Lifestyle may influence caffeine clearance. The most prominent factors are:

  1. Daily coffee consumption, increasing clearance 1.45-fold/L consumed.

  2. Smoking, increasing clearance by between 1.22-fold (for 1–5 cigarettes per day) and 1.72-fold (for >20 cigarettes per day).

  3. Oral contraceptives, reducing clearance by 0.72-fold.

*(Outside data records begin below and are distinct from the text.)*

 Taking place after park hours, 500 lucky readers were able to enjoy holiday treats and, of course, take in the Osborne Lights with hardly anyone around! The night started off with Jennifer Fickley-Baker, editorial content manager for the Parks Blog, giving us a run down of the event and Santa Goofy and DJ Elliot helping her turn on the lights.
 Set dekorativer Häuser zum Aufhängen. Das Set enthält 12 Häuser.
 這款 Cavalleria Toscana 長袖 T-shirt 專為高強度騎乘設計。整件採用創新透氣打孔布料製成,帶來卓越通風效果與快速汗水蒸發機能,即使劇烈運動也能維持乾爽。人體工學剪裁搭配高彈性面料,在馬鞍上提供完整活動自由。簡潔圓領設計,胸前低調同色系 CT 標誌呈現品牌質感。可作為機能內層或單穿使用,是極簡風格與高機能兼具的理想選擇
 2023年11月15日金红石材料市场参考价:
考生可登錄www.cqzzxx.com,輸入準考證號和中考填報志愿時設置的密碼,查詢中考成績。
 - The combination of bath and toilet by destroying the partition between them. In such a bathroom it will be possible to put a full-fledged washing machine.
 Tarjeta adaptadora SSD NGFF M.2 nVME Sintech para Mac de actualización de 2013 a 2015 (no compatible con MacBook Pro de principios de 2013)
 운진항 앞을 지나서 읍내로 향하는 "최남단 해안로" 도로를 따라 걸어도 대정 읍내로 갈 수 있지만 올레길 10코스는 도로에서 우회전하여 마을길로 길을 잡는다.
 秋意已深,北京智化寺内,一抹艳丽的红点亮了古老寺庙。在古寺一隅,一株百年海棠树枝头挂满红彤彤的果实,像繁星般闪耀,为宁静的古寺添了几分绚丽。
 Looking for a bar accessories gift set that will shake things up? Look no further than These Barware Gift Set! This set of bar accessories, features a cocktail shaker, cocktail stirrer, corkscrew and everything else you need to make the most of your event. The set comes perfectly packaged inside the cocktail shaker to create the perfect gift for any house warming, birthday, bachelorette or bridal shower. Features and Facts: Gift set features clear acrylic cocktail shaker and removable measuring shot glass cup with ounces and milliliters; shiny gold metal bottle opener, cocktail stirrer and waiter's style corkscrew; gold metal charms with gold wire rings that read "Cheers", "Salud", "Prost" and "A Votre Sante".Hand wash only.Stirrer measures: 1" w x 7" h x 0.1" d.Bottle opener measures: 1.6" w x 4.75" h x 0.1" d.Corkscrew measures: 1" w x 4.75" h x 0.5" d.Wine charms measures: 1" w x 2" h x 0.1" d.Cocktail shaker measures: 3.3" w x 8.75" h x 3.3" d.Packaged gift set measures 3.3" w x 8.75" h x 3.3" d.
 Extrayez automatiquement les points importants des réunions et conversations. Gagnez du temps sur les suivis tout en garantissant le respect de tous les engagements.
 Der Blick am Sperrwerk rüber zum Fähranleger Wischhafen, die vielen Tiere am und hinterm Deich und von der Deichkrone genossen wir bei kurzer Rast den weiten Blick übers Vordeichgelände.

  4. Female sex, reducing clearance by 0.9-fold.3 During pregnancy, the half-life of caffeine increases: by the end of pregnancy, it is 3–4 times longer than in the non-pregnant state.4

How does caffeine act on the brain?

Caffeine acts in the brain as a non-specific potent inhibitor of the actions of A1 and A2A adenosine receptors. This occurs at low caffeine concentrations, that is, a few µmol/L reached after a single cup of coffee. Caffeine activates the release of mainly excitatory transmitters; these are more strongly inhibited by adenosine than inhibitory neurotransmitters.5 Based on studies using knockout mice for A1 and A2A adenosine receptors, it appears that caffeine's blockade of A2A receptors affects on sleep and motor activity, whereas A1 and A2A blockade influences heart rate, body core temperature and oxygen consumption.6

What is a safe daily consumption?

A low dose of caffeine (50–200 mg in one sitting) can have positive effects: increasing alertness and energy, well-being, relaxation, good mood and improved memory. However, high doses of caffeine (400–800 mg in one sitting) may have negative effects: anxiety, nervousness, jitteriness, insomnia, tachycardia and trembling. There is a consensus that the daily ingestion of 300–400 mg caffeine (around 4–5 cups of coffee) does not raise any health concern.5 ,7

Several countries have assessed the safe limits of caffeine consumption. Among the most recent ones, the Belgium Superior Health Council8 based its recommendations on the assessments conducted previously by the Food Standards of Australia and New Zealand, Health Canada and the UK Committee on Toxicity of Chemicals in Food, Consumer Products and the Environment.9–11 The Belgium Superior Health Council considered that a caffeine intake of 5.7 mg/kg per day (400 mg/day for a 70 kg adult) was not linked to adverse effects in relation to general toxicity, altered behaviour, decreased male fertility, cardiovascular or cancer risk. The council recommended a maximum daily intake of caffeine of 2.5 mg/kg for children and adolescents, noting an increased risk of anxiety and altered behaviour beyond this dose, and advised to women of childbearing age not to exceed 200–300 mg per day.12

The very recent European Food Safety Authority13 report on the safety of caffeine considered that “single doses of caffeine up to 200 mg (about 3 mg/kg) from all sources have no safety concerns for the general adult population, even if consumed less than two hours before intense physical exercise under normal environmental conditions. Caffeine intakes from all sources up to 400 mg per day (about 5.7 mg/kg) do not raise safety concerns for adults in the general population, except pregnant women”. In the latter subgroup, they considered that “caffeine intakes from all sources up to 200 mg per day do not raise safety concerns for the fetus”. Finally, “owing to the limited information available for children and adolescents, caffeine intakes derived from acute consumption in adults (3 mg/kg per day) may serve as a basis to derive daily caffeine intakes of no concern”.13

These data are in line with previous reports from the literature that had reached consensus on dose-dependent effects.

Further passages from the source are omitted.